According to cosmologists, matter is distributed throughout the Universe not evenly, but in the form of a giant web - threadlike clusters of visible and dark matter interconnected with each other, separated by giant space deserts. These voids and clusters are the result of a kind of "echo" of the Big Bang, the so-called baryonic acoustic oscillations, which distribute matter unevenly throughout the rapidly expanding Universe.

The cosmological theories describing the formation of this web are fairly good at predicting the position and size of modern galaxies, but recently scientists have discovered several serious discrepancies. For example, near our Galaxy, they found an unusual structure, the "Great Repulsive", where there is practically no visible matter. Moreover, it was later revealed that the Milky Way is also located inside the "zone of emptiness", where space can expand faster than in other areas of the Universe.

Furlanetto and his colleagues accidentally discovered another such anomaly, observing with the Subaru telescope the oldest galaxies located about 12 billion light-years from Earth. Astronomers, as Furlanetto notes, have long wondered why the ultraviolet radiation of the brightest and hottest stars in the early Universe (the so-called Lyman glow) is extremely inhomogeneously distributed over the night sky.

There can be two explanations for this. On the one hand, it is quite possible that galaxies and matter were not scattered across the universe as uniformly as the theory shows. On the other hand, some objects or processes can interfere with the movement of the light of these stars, which makes it seem to us that certain parts of the Universe were darker than they really are.
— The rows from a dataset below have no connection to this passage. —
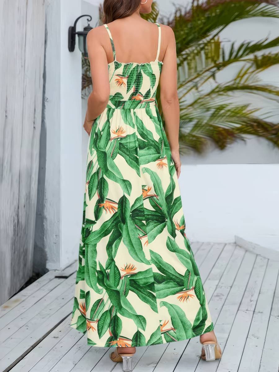 - Matière : Polyester léger et fluide avec imprimé végétal
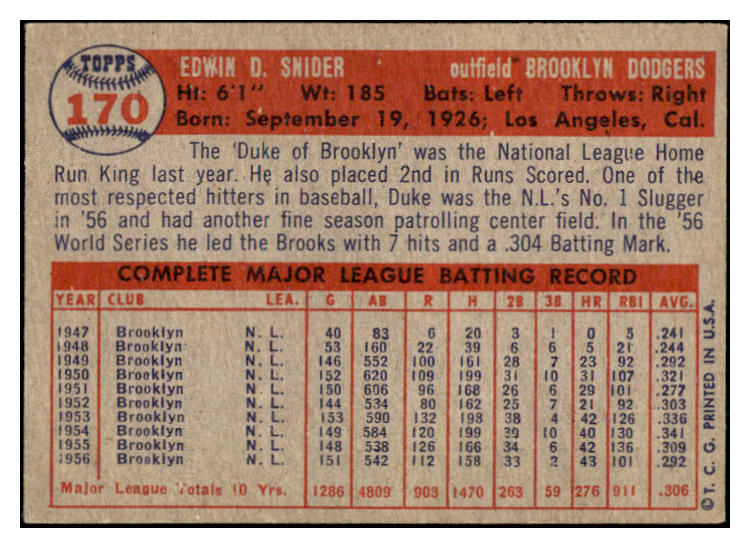 1957 Topps Baseball #170 Duke Snider Dodgers EX 522424
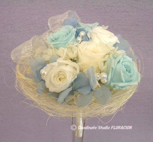 そこで、登場したのが、ブーケトスのためだけに作られた、代理のブーケです。挙式で持ったブーケになるべく似せて、軽くて投げやすくしたトス用ブーケは、ホテルや結婚式場、お花屋さんでも作ってもらうことが出来ます。この写真は、お友達の結婚式に出席された受講生の方が、プリザーブドフラワーで作ってプレゼントされた手作りのトス用ブーケです。スポンジのついたブーケホルダーを使わずに、ワイヤーで小さく軽く投げやすいように仕上げています。このブーケは、挙式当日無事投げられたのですが、なんとプレゼントした人の小学生のお嬢さんが受け取ってしまって、すぐに返ってきたそうですw次の花嫁さんになるには若すぎる・・・。
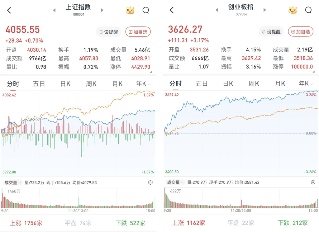 至收盘,上证综指涨0.7%,报4055.55点;深证成指涨2.05%,报14796.33点;创业板指涨3.17%,报3626.27点。
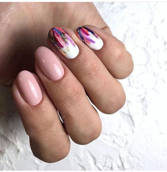 Также вы можете покрыть основную часть ногтей бежевым цветом, а 1-2 – белым, на которых можно сделать различные рисунки или просто мазки.
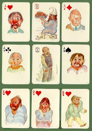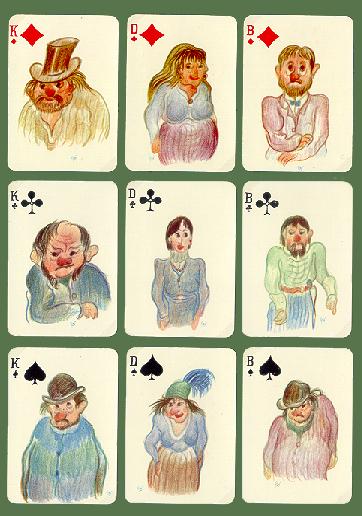 Immagini caricaturali connesse ad aspetti che riguardano l'ebbrezza causata dall'alcool su ognuna delle 54 carte.
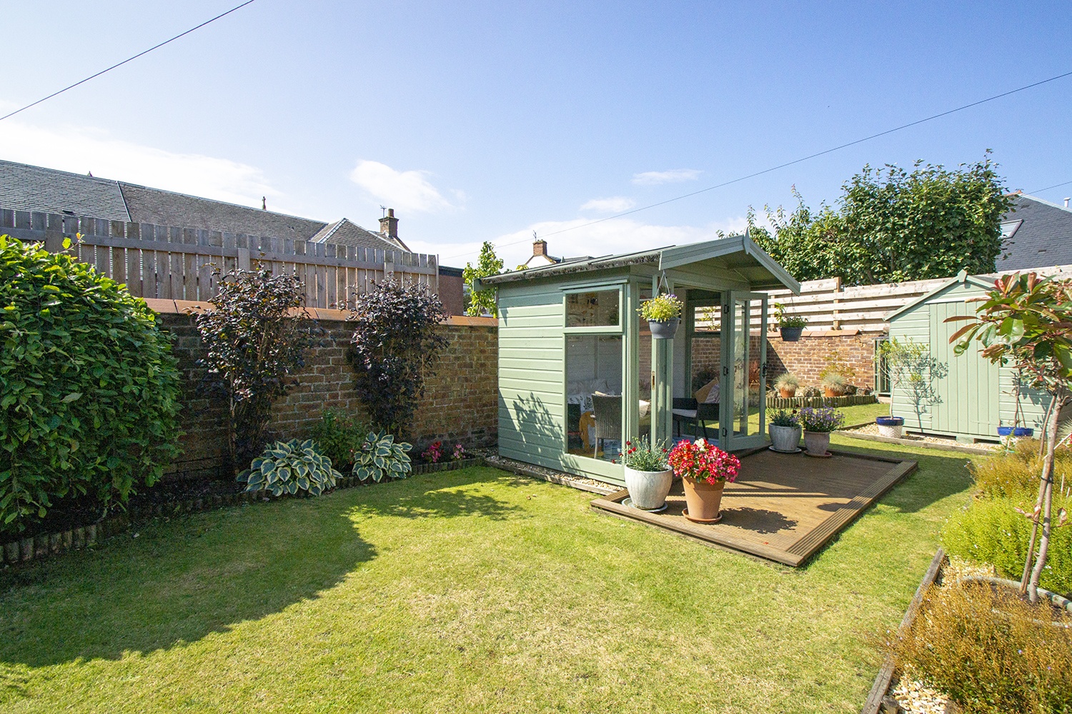 The property further benefits from its own landscaped garden area to the front with lawn and established border. To the rear there is a lovely private garden area with summer house and shed. This is an ideal spot for relaxation and entertainment. There is also a shared drying area. The property also has two outbuildings which are currently used for storage but could possibly offer space for home office etc. Double glazing and gas central heating. This is a real gem of a property and must be viewed to be fully appreciated.
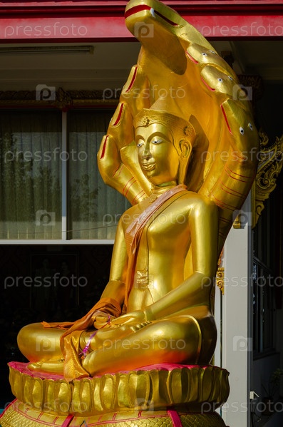 Золотая статуя Будды с семиглавым змеем в Храме Большого Будды в Паттайе
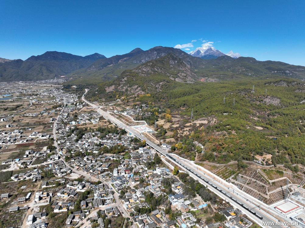 ديتشينغ 26 نوفمبر 2023 (شينخوا) في الصورة الملتقطة جواً يوم 25 نوفمبر 2023، مشهد لجزء من خط سكة حديد ليجيانغ-شانغريلا في مدينة ليجيانغ بمقاطعة يوننان في جنوب غربي الصين. ويفتتح اليوم الأحد أمام حركة المرور خط سكة حديد ليجيانغ-شانغريلا، الذي يربط بين ليجيانغ وشانغريلا في المقاطعة.
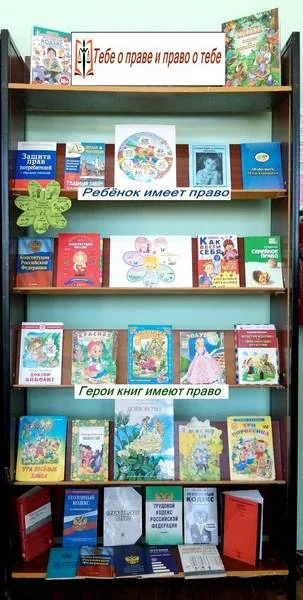 Наша выставка имеет три раздела. Раздел «Ребёнок имеет право» представляет книги, которые в увлекательной форме рассказывает детям о правовой жизни России, о законах, правах и обязанностях. Тут представлены законодательные документы, методические пособия, которые защищают права детей. Имеется основной закон России – Конституция, Конвенция о правах ребёнка и др. В разделе «Герои книг имеют право» можно определить, кто из литературных героев был лишён прав: «Маугли», «Три поросёнка», «Доктор Айболит», «Красная шапочка», «Золушка», «Приключения Буратино» и др. В третьем разделе можно познакомиться с разными кодексами России, декларациями и правами.
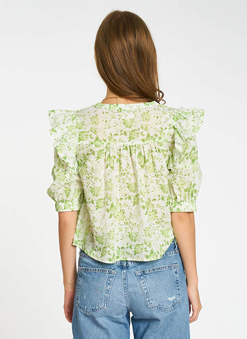 With its flowing shape and cascading ruffle detail, the Janice top is a fun and lightweight style with sophisticated details. Cut in a Green Garden floral print fabric, this blouse evokes a youthful look with bohemian undertones.
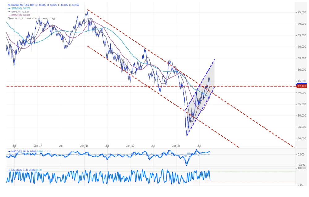 Unterbrochen von kleineren Konsolidierungsphasen lautet das nächste Etappenziel für die Daimler-Aktie 50,00 Euro. Wird auch diese Hürde genommen, liegt das nächste Kursziel im Bereich von 54,50 Euro und 55,00 Euro.
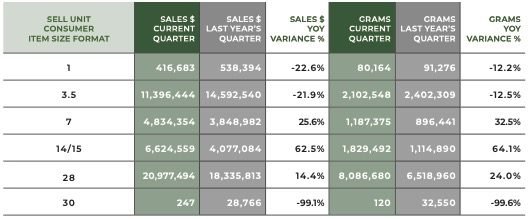 14-15 gram SKUs saw a notable increase in sales this quarter up 62.5% from the prior year to $6,624,559. 30-gram SKUs saw a drastic change with sales down 99.1% compared to Q2 2022.
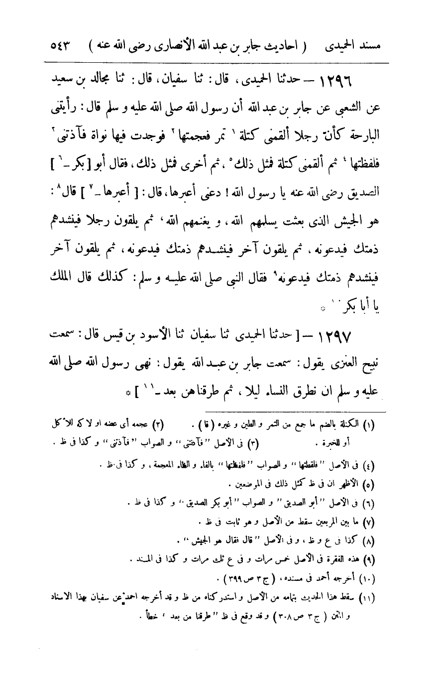 1296 - حدثنا الحميدي قال ثنا سفيان قال ثنا مجالد بن سعيد عن الشعبي عن جابر بن عبد الله أن رسول الله صلى الله عليه و سلم قال : رأيتني البارحة كأن رجلا ألقمني كتلة تمر فعجمتها فوجدت فيها نواة فآذني فلفظتها ثم ألقمني كتلة فمثل ذلك ثم أخرى فمثل ذلك فقال أبو بكر الصديق رضي الله عنه يا رسول الله دعني أعبرها قال أعبرها قال هو الجيش الذي بعثت يسلمهم الله ويغنمهم الله ثم يلقون رجلا فينشدهم ذمتك فيدعونه ثم يلقون آخر فينشدهم ذمتك فيدعونه ثم يلقون آخر فينشدهم ذمتك فيدعونه فقال النبي صلى الله عليه و سلم كذلك قال الملك يا أبا بكر
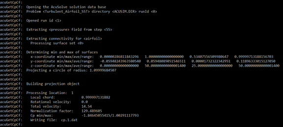 AcuGetCpCf is another utility script used to calculate the pressure coefficient (Cp) for the airfoil.
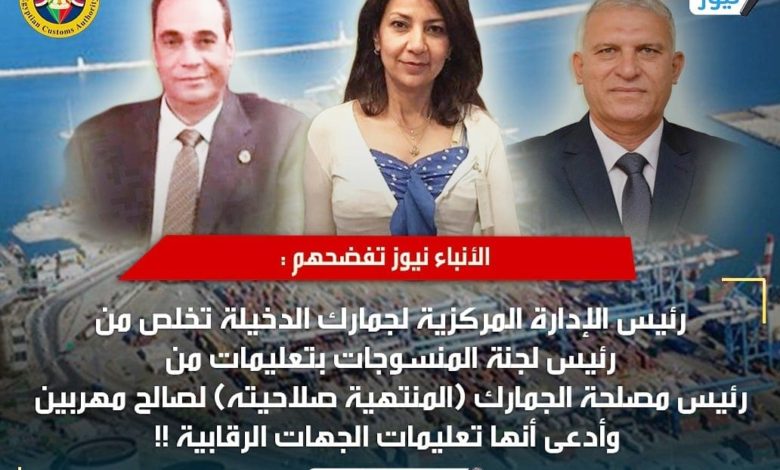 الأنباء نيوز تفضحهم : رئيس الإدارة المركزية لجمارك الدخيلة تَخلّص من رئيس لجنة المنسوجات بتعليمات من رئيس مصلحة الجمارك ((المُجمدة صلاحياته)) و ((والمنتهي ندبه لمنصبه)) لصالح مُهربين وأدعى أنها ((تعليمات)) الجهات الرقابية !!
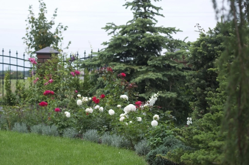 Декоративные кустарники — это отличные соседи для роз. Кипарис, можжевельник, туя, барбарис и дерен придают клумбе дополнительную глубину и текстуру, не затеняя при этом розы. Эти растения служат фоном, на котором розы выглядят еще более пышно и величественно. Кроме того, такие кустарники являются вечнозелеными, что помогает создать интересный вид даже в зимний период.
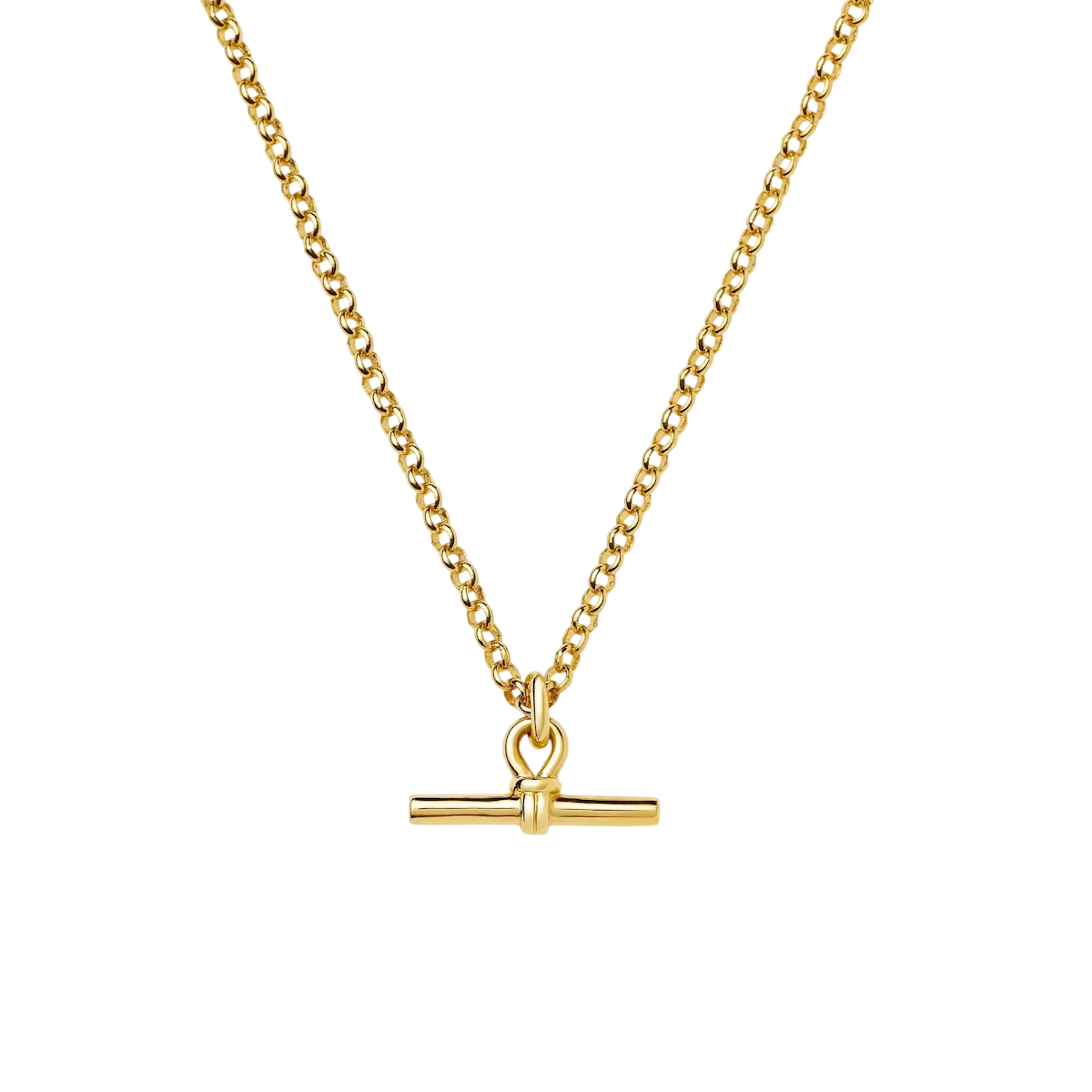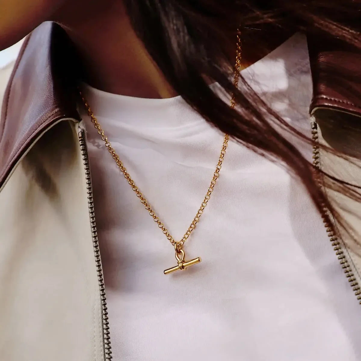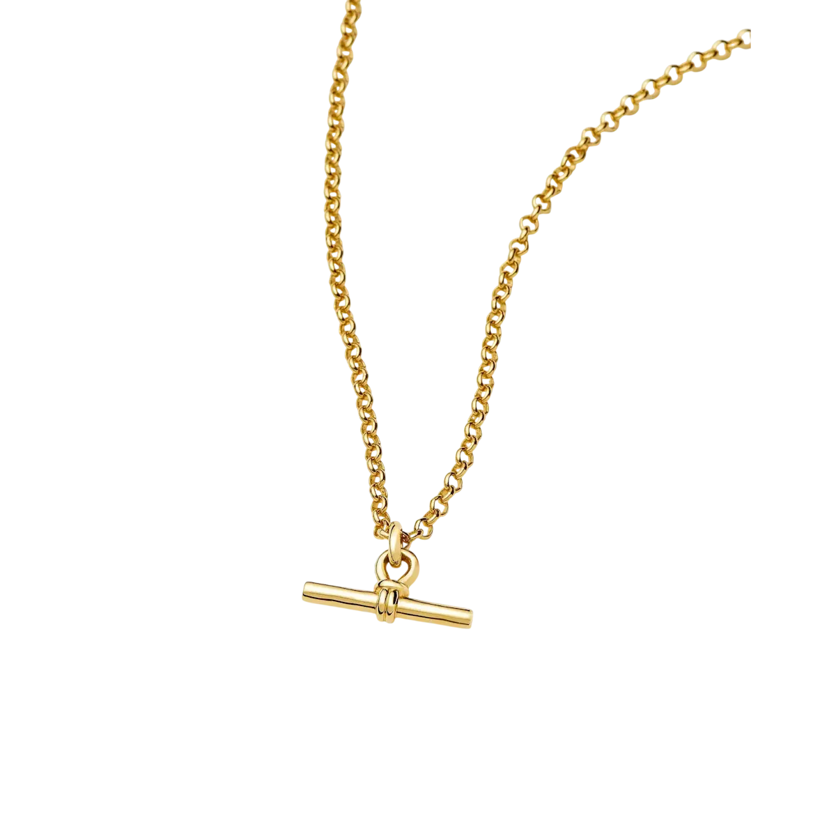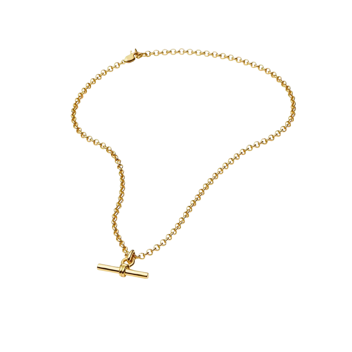 Efni keðju: 18kt gullhúðað látún Lengd keðju: 46cm upp í 50cm Efni mens: 18kt gullhúðað látún Stærð mens: 19.5mm x 29.4mm

Furlanetto and his colleagues tested these theories by observing such a "hole" in the Lyman glow, located at the junction of the constellations Cetus, Pisces and Aries. With the help of Subaru, scientists have counted the number of quasars (active galactic nuclei) and determined the strength of their ultraviolet glow.

It turned out that in this sector of space there are quite a few large and active galaxies - about two to three times less than predicted by classical cosmology. That is, this corner of the Universe produced unusually little Lyman glow because it was a "cosmic desert" - there were almost no galaxies, stars and other clusters of ordinary matter in it.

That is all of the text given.